» WHAT TO PRODUCE
Look through the listing below for the line containing "Ingeniería de Materiales Laboratorio". Copy it and each line after it up to and including the line containing "В стиле с множеством", exactly, leaving out pictures.

» SOURCE MATERIAL
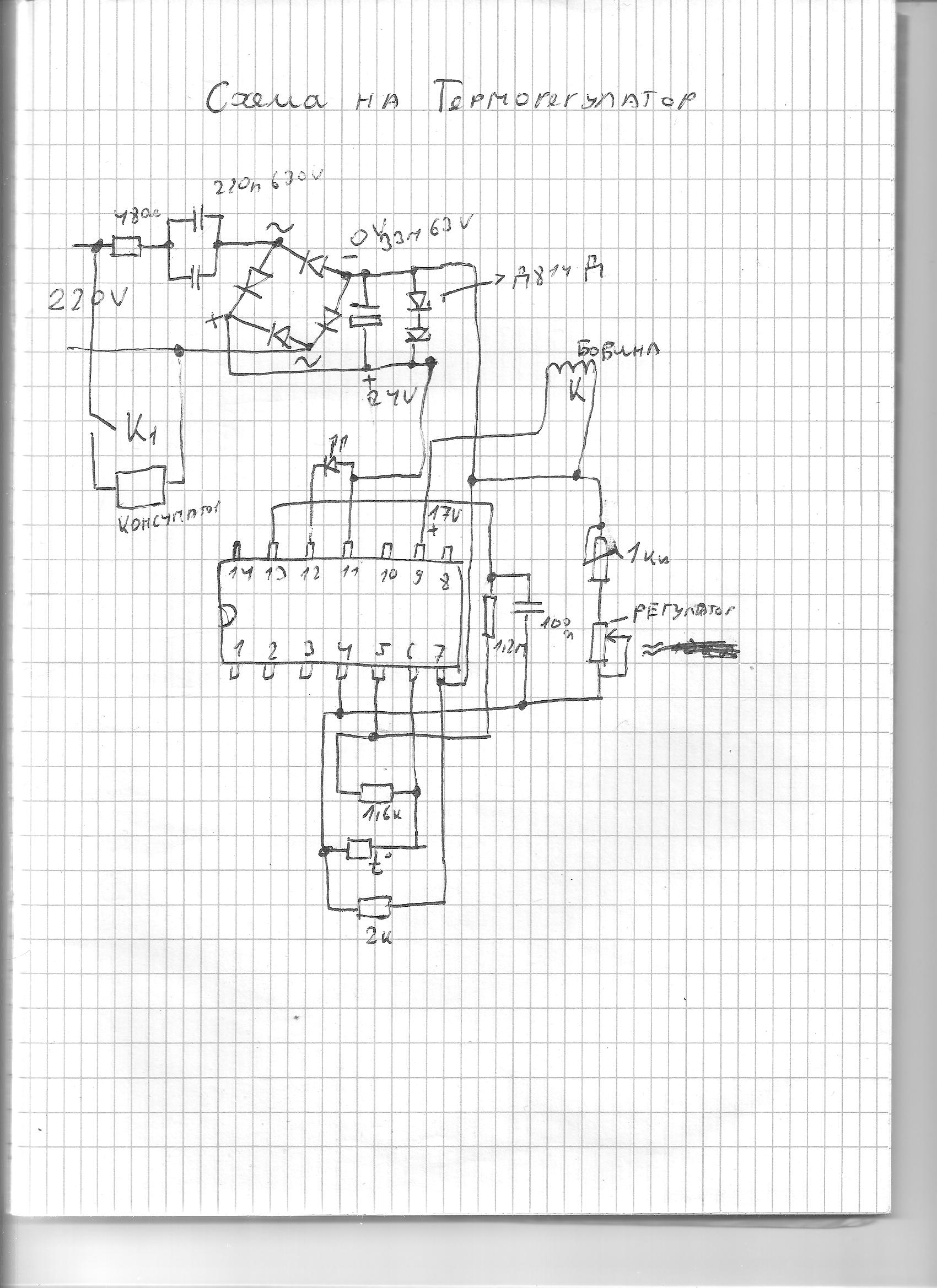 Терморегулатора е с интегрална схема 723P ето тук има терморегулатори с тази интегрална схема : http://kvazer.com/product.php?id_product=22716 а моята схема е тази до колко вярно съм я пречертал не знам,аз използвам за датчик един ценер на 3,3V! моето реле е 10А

---

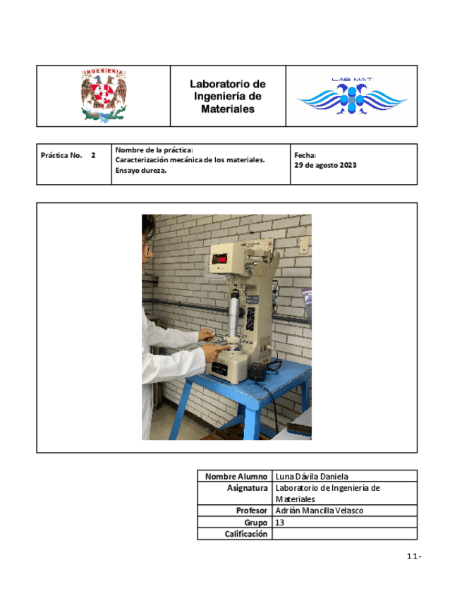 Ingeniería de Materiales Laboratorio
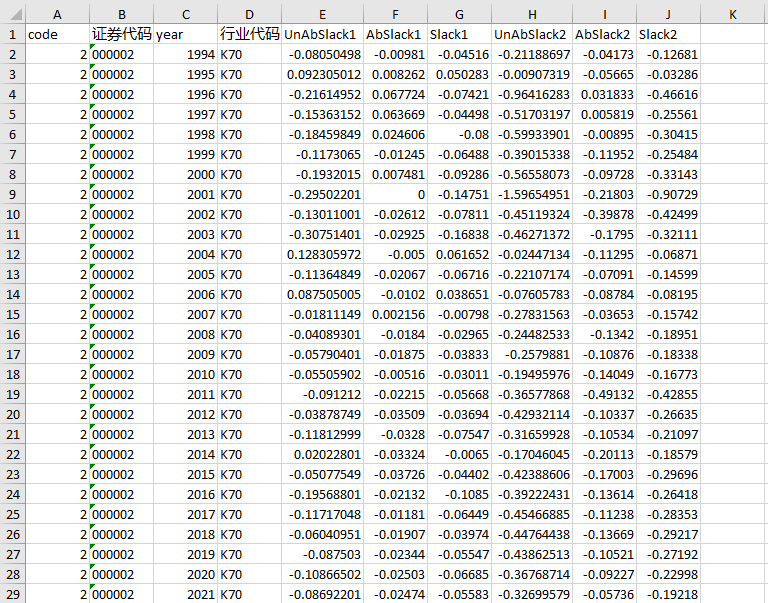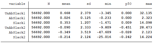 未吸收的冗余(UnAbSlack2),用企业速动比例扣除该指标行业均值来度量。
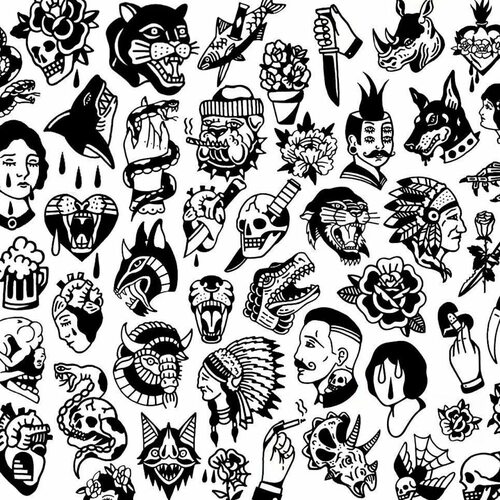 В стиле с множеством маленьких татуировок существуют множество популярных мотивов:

...

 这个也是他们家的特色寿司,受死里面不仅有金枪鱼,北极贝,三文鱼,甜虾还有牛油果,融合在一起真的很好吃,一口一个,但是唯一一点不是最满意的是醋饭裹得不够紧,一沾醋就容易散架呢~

» ANSWER TO THE EXERCISE
 Ingeniería de Materiales Laboratorio
 未吸收的冗余(UnAbSlack2),用企业速动比例扣除该指标行业均值来度量。
 В стиле с множеством маленьких татуировок существуют множество популярных мотивов:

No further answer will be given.